By: dmcq (dmcq.delete@this.fano.co.uk), October 3, 2021 1:54 pm
Room: Moderated Discussions
Linus Torvalds (torvalds.delete@this.linux-foundation.org) on October 3, 2021 10:48 am wrote:
> Brendan (btrotter.delete@this.gmail.com) on October 2, 2021 4:53 pm wrote:
> >
> > The DMA that Linus seems to be thinking of (e.g. a dedicated "Intel 8237" chip sitting on a
> > distant legacy/ISA bus) mostly got superseded/replaced by bus mastering functionality built
> > directly into almost every device;
>
> No, I'm very much thinking of modern DMA - on-die and cache coherent.
>
> Because even when it is close-by and cache coherent, it is just stupid and wrong for CPU memory copies.
>
> The memory accesses need to be done by the memory unit itself, in order to not
> screw up data that is in the local L1 cache - which is not at all uncommon.
>
> In fact, you want it even closer than the L1D$ - you want it to interact with the actual
> store buffers. You want the memory copies to be visible and part of the OoO machinery,
> so that you can do the re-ordering, do the store buffer snooping, etc. They should use
> all the byte lane shifting and masking logic that is very much already there.
>
> I call it a "CPU memory copy logic", and claim that it should be driven by CPU instructions, and that is should
> become part of the uop stream and schedule with the instructions around it. So it needs to be right there
> in the very core of the CPU, by the same memory unit that handles all the other loads and stores.
>
> Nobody sane calls that "DMA" unless you just want to make some mental gymnastics.
>
> Any actual DMA engine that is not directly tied to the CPU memory unit is much too far away, and cannot
> be sanely ordered wrt all the other memory ops around the memcpy that will be right there.
>
> A very common memory copy pattern is to literally copy a data structure, and then modify
> the result. We're talking tens - maybe hundreds - of bytes, that can be done with one or
> two byte shift/mask buffer movements that should be scheduled exactly like any random read
> or write. Except it isn't a fixed-size read, and it doesn't go through a register file.
>
> Linus
I think if a property is to be applied to the data it probably should be set to streaming or non-temporal if it isn't already in the L1D cache. After that it might either go into L1D but be marked as such or sent straight to L2D depending on implementation - but as Linus points out it would be very likely counter productive to try avoiding putting it into L2D.

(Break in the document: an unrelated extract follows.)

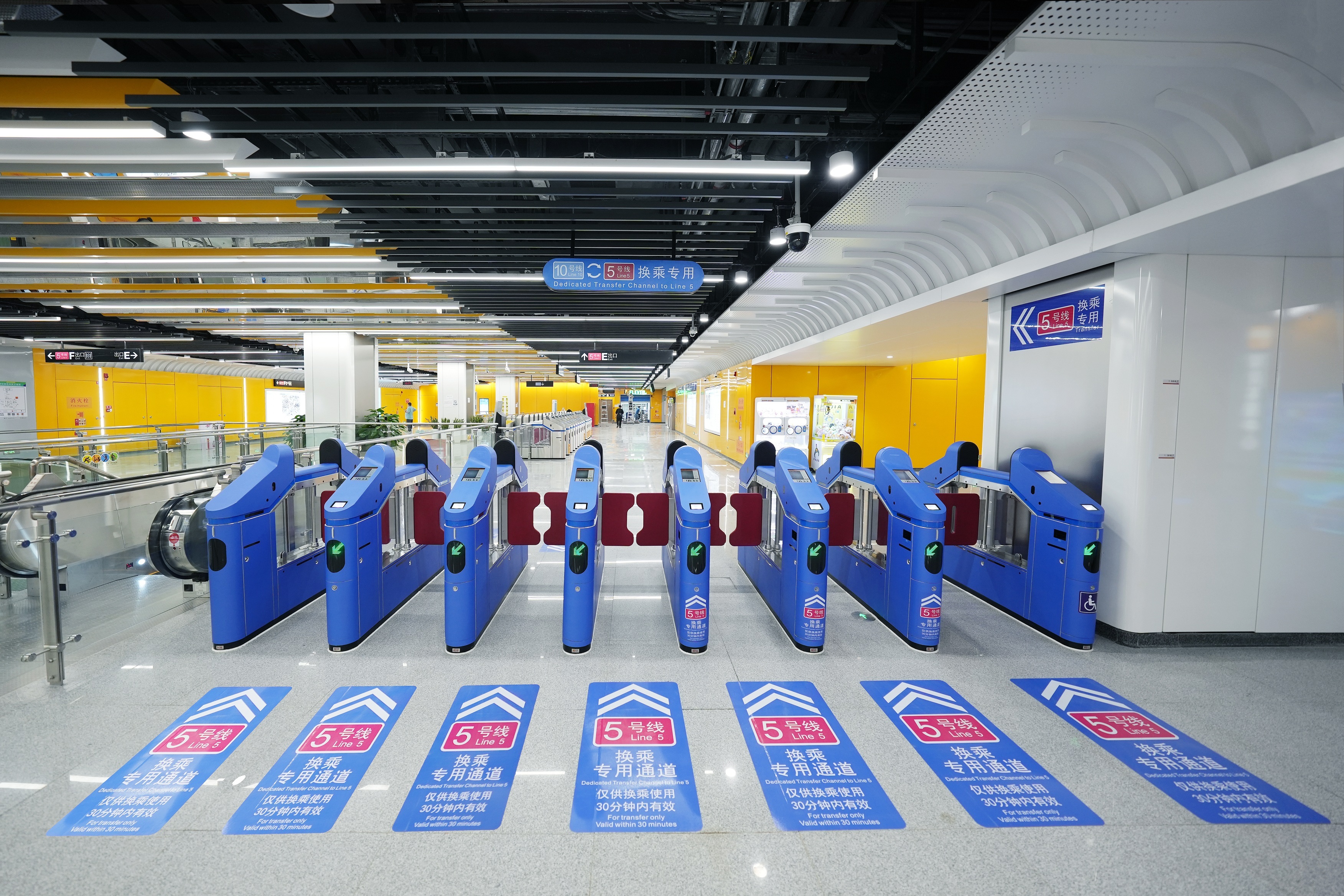 10号线五羊邨站用于站外换乘的蓝色闸机。(林艺壕 摄)

> Brendan (btrotter.delete@this.gmail.com) on October 2, 2021 4:53 pm wrote:
> >
> > The DMA that Linus seems to be thinking of (e.g. a dedicated "Intel 8237" chip sitting on a
> > distant legacy/ISA bus) mostly got superseded/replaced by bus mastering functionality built
> > directly into almost every device;
>
> No, I'm very much thinking of modern DMA - on-die and cache coherent.
>
> Because even when it is close-by and cache coherent, it is just stupid and wrong for CPU memory copies.
>
> The memory accesses need to be done by the memory unit itself, in order to not
> screw up data that is in the local L1 cache - which is not at all uncommon.
>
> In fact, you want it even closer than the L1D$ - you want it to interact with the actual
> store buffers. You want the memory copies to be visible and part of the OoO machinery,
> so that you can do the re-ordering, do the store buffer snooping, etc. They should use
> all the byte lane shifting and masking logic that is very much already there.
>
> I call it a "CPU memory copy logic", and claim that it should be driven by CPU instructions, and that is should
> become part of the uop stream and schedule with the instructions around it. So it needs to be right there
> in the very core of the CPU, by the same memory unit that handles all the other loads and stores.
>
> Nobody sane calls that "DMA" unless you just want to make some mental gymnastics.
>
> Any actual DMA engine that is not directly tied to the CPU memory unit is much too far away, and cannot
> be sanely ordered wrt all the other memory ops around the memcpy that will be right there.
>
> A very common memory copy pattern is to literally copy a data structure, and then modify
> the result. We're talking tens - maybe hundreds - of bytes, that can be done with one or
> two byte shift/mask buffer movements that should be scheduled exactly like any random read
> or write. Except it isn't a fixed-size read, and it doesn't go through a register file.
>
> Linus
I think if a property is to be applied to the data it probably should be set to streaming or non-temporal if it isn't already in the L1D cache. After that it might either go into L1D but be marked as such or sent straight to L2D depending on implementation - but as Linus points out it would be very likely counter productive to try avoiding putting it into L2D.